Иногда он утешал себя мыслями, что это только так, покамест, он ведет эту жизнь; но потом его ужасала другая мысль, что так, покамест, уже сколько людей входили, как он, со всеми зубами и волосами в эту жизнь и в этот клуб и выходили оттуда без одного зуба и волоса.
В минуты гордости, когда он думал о своем положении, ему казалось, что он совсем другой, особенный от тех отставных камергеров, которых он презирал прежде, что те были пошлые и глупые, довольные и успокоенные своим положением, «а я и теперь всё недоволен, всё мне хочется сделать что то для человечества», – говорил он себе в минуты гордости. «А может быть и все те мои товарищи, точно так же, как и я, бились, искали какой то новой, своей дороги в жизни, и так же как и я силой обстановки, общества, породы, той стихийной силой, против которой не властен человек, были приведены туда же, куда и я», говорил он себе в минуты скромности, и поживши в Москве несколько времени, он не презирал уже, а начинал любить, уважать и жалеть, так же как и себя, своих по судьбе товарищей.

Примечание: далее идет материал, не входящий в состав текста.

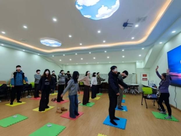 伴随舒缓的音乐,老师带领大家进行呼吸调整与渐进式身体放松练习。借助引导语,同学们逐渐将意识从外部转向自身,细致感知呼吸的节奏与身体的细微变化。参与同学分享道:“当闭上双眼、专注呼吸时,外界的纷扰仿佛悄然远去,我终于能够清晰听见自己内心的声音。”这种身体与心灵的双重打开,让参与员工真正体会到了与自我对话的奇妙感受。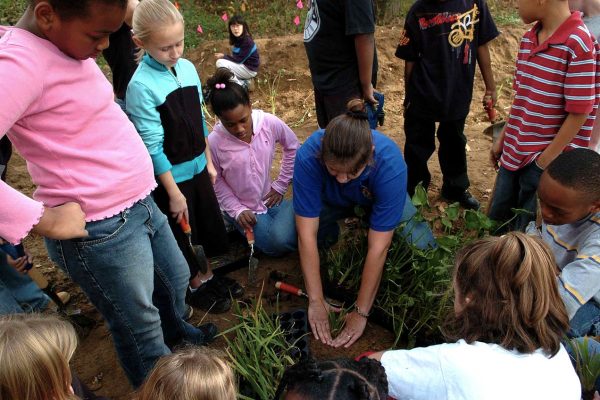 Bióloga mostra aos seus alunos compo plantar em áreas úmidas. Foto: Walton LaVonda, U.S. Fish and Wildlife Service/Public Domain →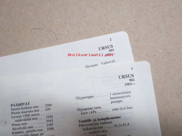 Ursus 902 1983- -mitat, painot, moottorin tiedot, säätöarvot yms. - Tammi autotekniikan käsikirja-sarjaa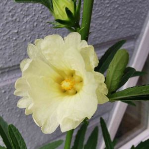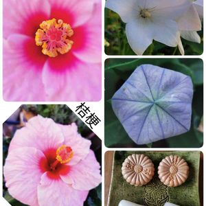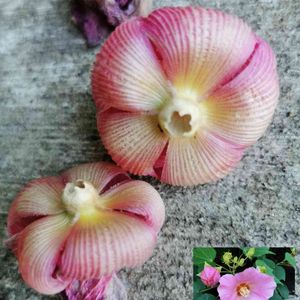 ฅʕ,,•ꈊ•,,ʔ おはよう✨ ございます〜〜。 白ローゼルの 可愛いお花 咲いてま〜す。 よ〜おくみると…白い点々???虫? 病気?かなあ…… ちいさな…テンテン 赤のローゼルは ハーブティーに 白いローゼルは 何に?使いますか? おしえて〜ください〜〜〜〜。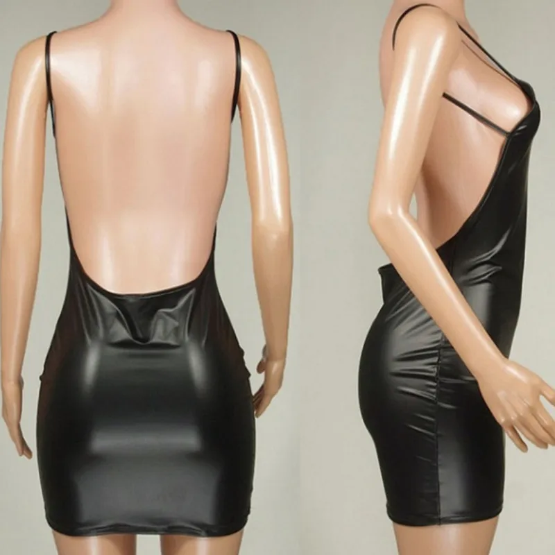 Сексуальное платье с открытой спиной, короткое платье для клувечерние, однотонное черное латексное обтягивающее мини-платье с бюстгальтером пуш-ап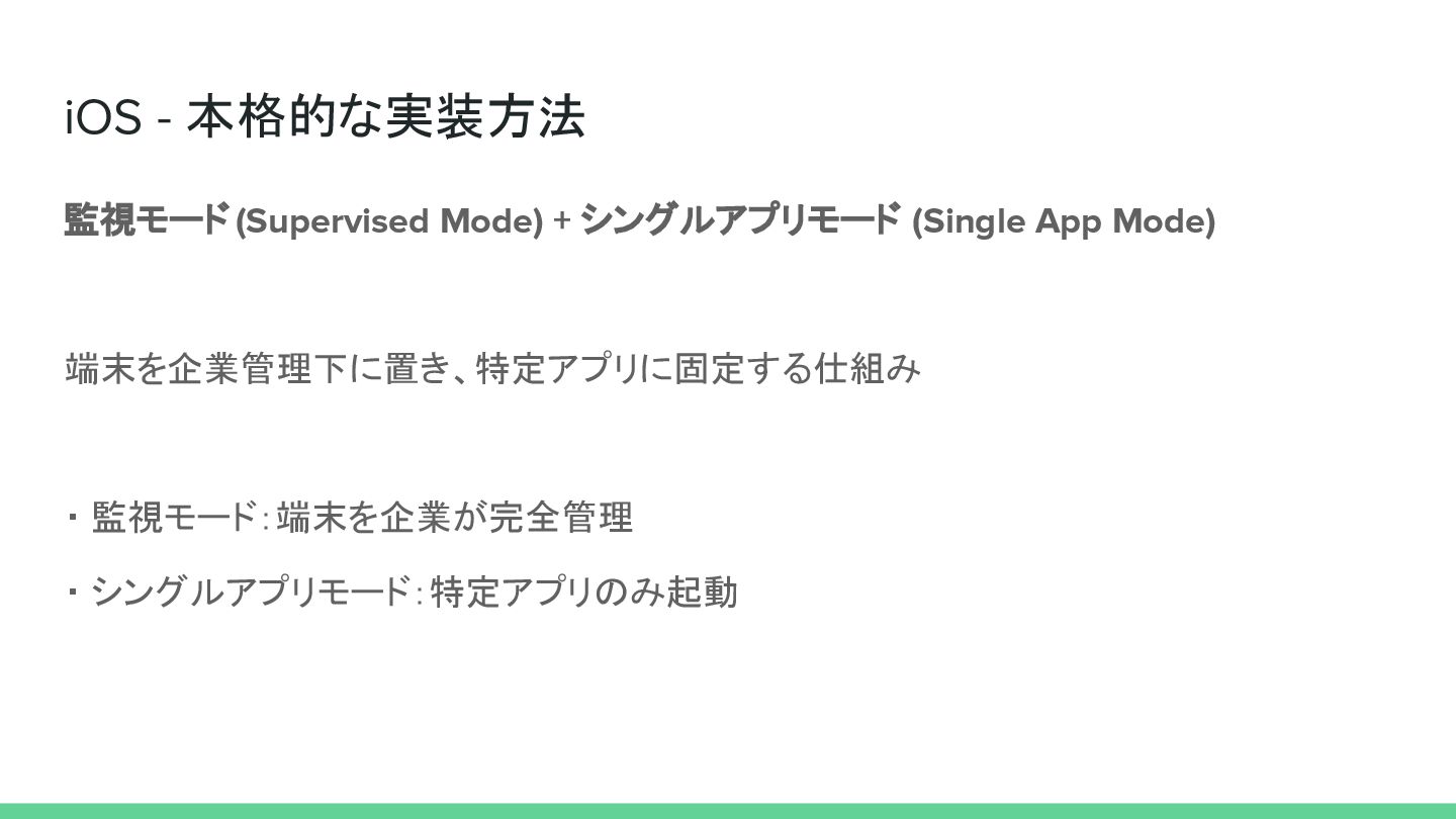Mode) 端末を企業管理下に置き、特定アプリに固定する仕組み ・ 監視モード:端末を企業が完全管理 ・ シングルアプリモード:特定アプリのみ起動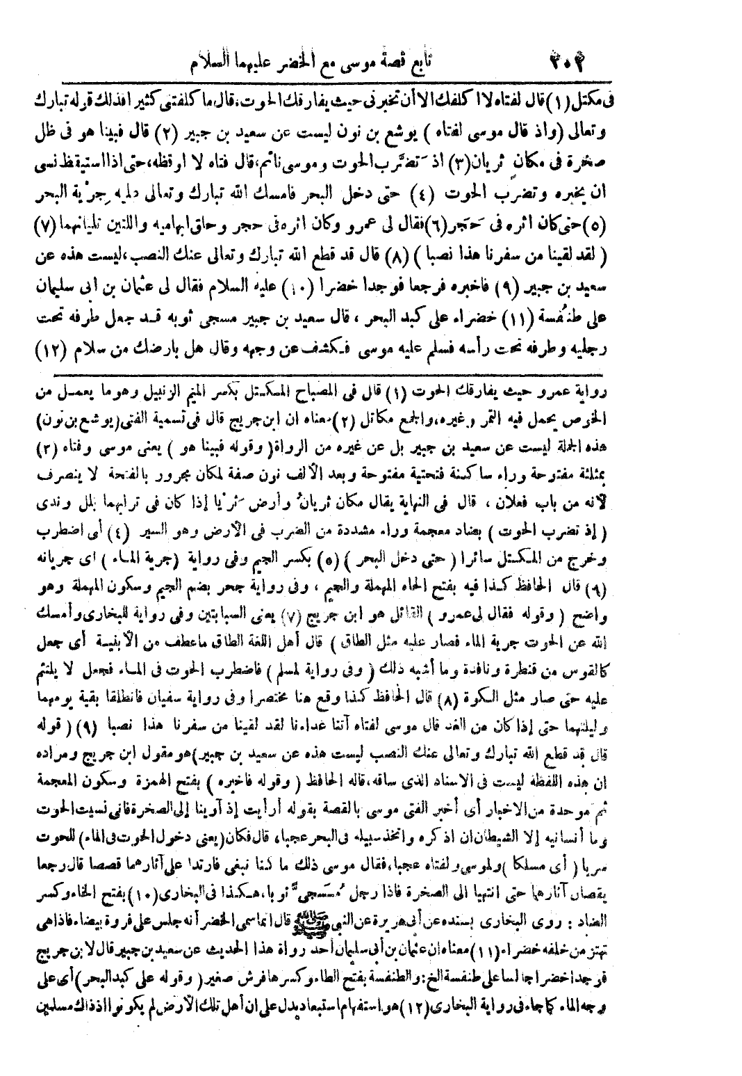 رواية عمرو حيث يفارقك الحوت (1) قال في المصباح المكتل بكسر الميم الزنبيل وهو ما يعمل من الخوص يحمل فيه التمر وغيره، والجمع مكاتل (2) معناه أن ابن جريج قال في تسمية الفتى (يوشع بن نون) هذه الجملة ليست عن سعيد بن جبير بل عن غيره من الرواة (وقوله فبينما هو) يعني موسى وفتاه (3) بمثلثة مفتوحة وراء ساكنة فتحتية مفتوحة وبعد الألف نون صفة لمكان مجرور بالفتحة لا ينصرف لأنه من باب فعلان، قال في النهاية يقال مكان ثريان وأرض ثريا إذا كان في ترابهما بلل وندى (إذ تضرب الحوت) بضاد معجمة وراء مشددة من الضرب في الأرض وهو السير (4) أي اضطرب وخرج من المكتل سائرا (حتى دخل البحر) (5) بكسر الجيم وفي رواية (جرية الماء) أي جريانه (6) قال الحافظ كذا فيه بفتح الحاء المهملة والجيم، وفي رواية جحر بضم الجيم وسكون المهملة وهو واضح (وقوله فقال لي عمرو) القائل هو ابن جريج (7) يعني السبابتين وفي رواية للبخاري وأمسك الله عن الحوت جرية الماء فصار عليه مثل الطاق) قال أهل اللغة الطاق ما عطف من الأبنية أي جعل كالقوس من قنطرة ونافذة وما أشبه ذلك (وفي رواية لمسلم) فاضطرب الحوت في الماء فجعل لا يلتئم عليه حتى صار مثل الكوة (8) قال الحافظ كذا وقع هنا مختصرا وفي رواية سفيان فانطلقا بقية يومهما وليلتها حتى إذا كان من الغد قال موسى لفتاه آتنا غداءنا لقد لقينا من سفرنا هذا نصبا (9) (قوله قال قد قطع الله تبارك وتعالى عنك النصب ليست هذه عن سعيد بن جبير) هو مقول ابن جريج ومراده أن هذه اللفظة ليست في الإسناد الذي ساقه، قاله الحافظ (وقوله فأخبره) بفتح الهمزة وسكون المعجمة ثم موحدة من الأخبار أي أخبر الفتى موسى بالقصة بقوله أرأيت إذ آوينا إلى الصخرة فإني نسيت الحوت وما أنسانيه إلا الشيطان إن أذكره واتخذ سبيله في البحر عجبا، قال فكان (يعني دخول الحوت في الماء) للحوت سريا (أي مسلكا) ولموسى ولفتاه عجبا، فقال موسى ذلك ما كنا نبقى فارتدا على آثارهما قصصا قال رجعا يقصان آثارهما حتى انتهيا إلى الصخرة فإذا رجل مسجي ثوبا، هكذا في البخاري (10) بفتح الخاء وكسر الضاد: روى البخاري بسنده عن أبي هريرة عن النبي صلى الله عليه وسلم قال إنما سمي الخضر أنه جلس على فروة بيضاء فإذا هي تهتز من خلفه خضراء (11) معناه أن عثمان بن أبي سليمان أحد رواة هذا الحديث عن سعيد بن جبير قال لابن جريج فوجدا خضرا جالسا على طنقسة الخ: والطنفسة بفتح الطاء وكسرها فرش صغير (وقوله على كبد البحر) أي على وجه الماء كما جاء في رواية البخاري (12) هو استفهام استبعاد بدل على أن أهل تلك الأرض لم يكونوا إذ ذاك مسلمين

На Пьера не находили, как прежде, минуты отчаяния, хандры и отвращения к жизни; но та же болезнь, выражавшаяся прежде резкими припадками, была вогнана внутрь и ни на мгновенье не покидала его. «К чему? Зачем? Что такое творится на свете?» спрашивал он себя с недоумением по нескольку раз в день, невольно начиная вдумываться в смысл явлений жизни; но опытом зная, что на вопросы эти не было ответов, он поспешно старался отвернуться от них, брался за книгу, или спешил в клуб, или к Аполлону Николаевичу болтать о городских сплетнях.

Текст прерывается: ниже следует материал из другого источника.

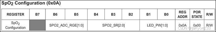 这是SPO2 寄存器SpO₂ Configuration(地址0x0A),主要用于配置血氧(SpO₂)相关参数,寄存器结构如下图所示。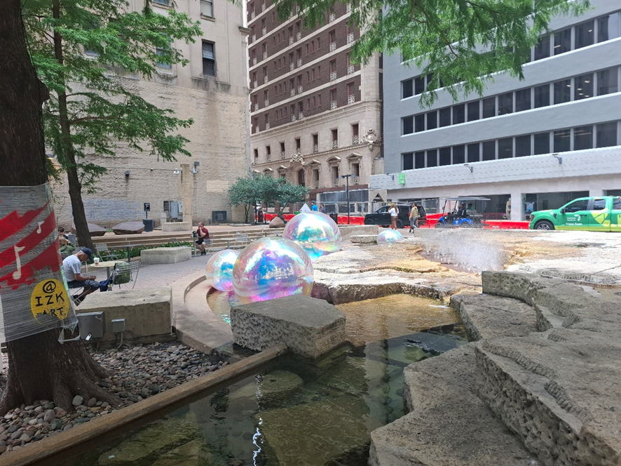 O espaço público de Dalas também tem mobiliário urbano e instalações lúdicas que possibilitam uma relação de brincadeira entre a cidade e o transeunte, como as bolas flutuando na água casa ou o maravilhoso olho, que está no começo deste capítulo de viagem. Ele é de uma boutique com vitrines elegantes e preços altos, que expõe a obra de arte em sua área externa.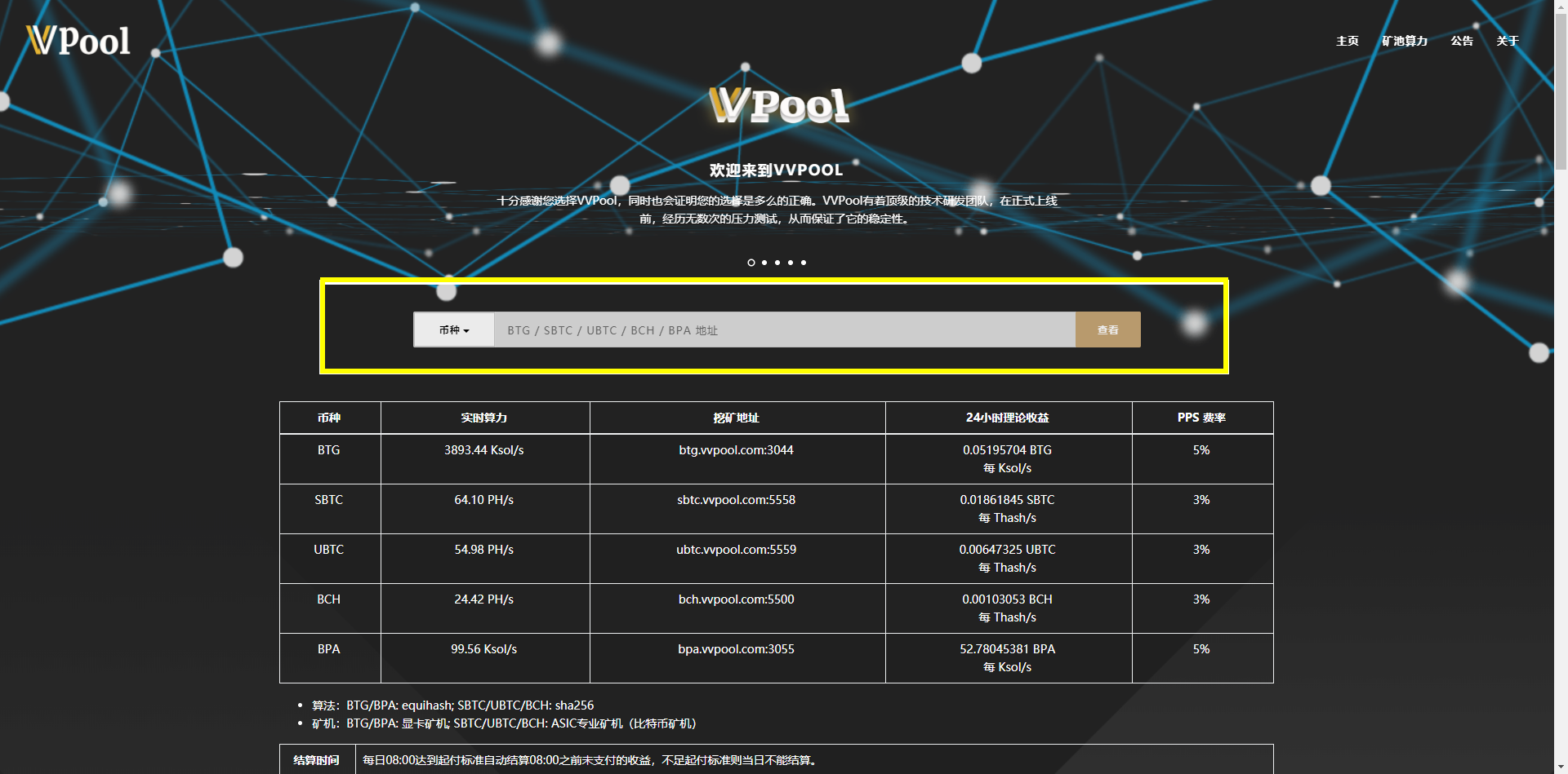 需要注意,BPA的A卡矿工软件,刚刚从ZEC升级过来,矿工软件中,显示的币种仍是ZEC,这个没影响。只要出现算力,如上图中Total Speed:859.319H/s,类似字样即可。 查看BPA矿机运行状态和每日收益,可以通过访问VVPOOL官网进行查看。 访问地址: http://www.vvpool.com/address_stats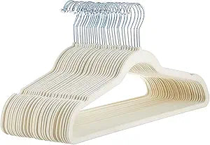 Slim, Velvet, Non-Slip Suit Clothes Hangers, Ivory/Beige- Pack of 30

«Елена Васильевна, никогда ничего не любившая кроме своего тела и одна из самых глупых женщин в мире, – думал Пьер – представляется людям верхом ума и утонченности, и перед ней преклоняются. Наполеон Бонапарт был презираем всеми до тех пор, пока он был велик, и с тех пор как он стал жалким комедиантом – император Франц добивается предложить ему свою дочь в незаконные супруги. Испанцы воссылают мольбы Богу через католическое духовенство в благодарность за то, что они победили 14 го июня французов, а французы воссылают мольбы через то же католическое духовенство о том, что они 14 го июня победили испанцев. Братья мои масоны клянутся кровью в том, что они всем готовы жертвовать для ближнего, а не платят по одному рублю на сборы бедных и интригуют Астрея против Ищущих манны, и хлопочут о настоящем Шотландском ковре и об акте, смысла которого не знает и тот, кто писал его, и которого никому не нужно. Все мы исповедуем христианский закон прощения обид и любви к ближнему – закон, вследствие которого мы воздвигли в Москве сорок сороков церквей, а вчера засекли кнутом бежавшего человека, и служитель того же самого закона любви и прощения, священник, давал целовать солдату крест перед казнью». Так думал Пьер, и эта вся, общая, всеми признаваемая ложь, как он ни привык к ней, как будто что то новое, всякий раз изумляла его. – «Я понимаю эту ложь и путаницу, думал он, – но как мне рассказать им всё, что я понимаю? Я пробовал и всегда находил, что и они в глубине души понимают то же, что и я, но стараются только не видеть ее. Стало быть так надо! Но мне то, мне куда деваться?» думал Пьер. Он испытывал несчастную способность многих, особенно русских людей, – способность видеть и верить в возможность добра и правды, и слишком ясно видеть зло и ложь жизни, для того чтобы быть в силах принимать в ней серьезное участие. Всякая область труда в глазах его соединялась со злом и обманом. Чем он ни пробовал быть, за что он ни брался – зло и ложь отталкивали его и загораживали ему все пути деятельности. А между тем надо было жить, надо было быть заняту. Слишком страшно было быть под гнетом этих неразрешимых вопросов жизни, и он отдавался первым увлечениям, чтобы только забыть их. Он ездил во всевозможные общества, много пил, покупал картины и строил, а главное читал.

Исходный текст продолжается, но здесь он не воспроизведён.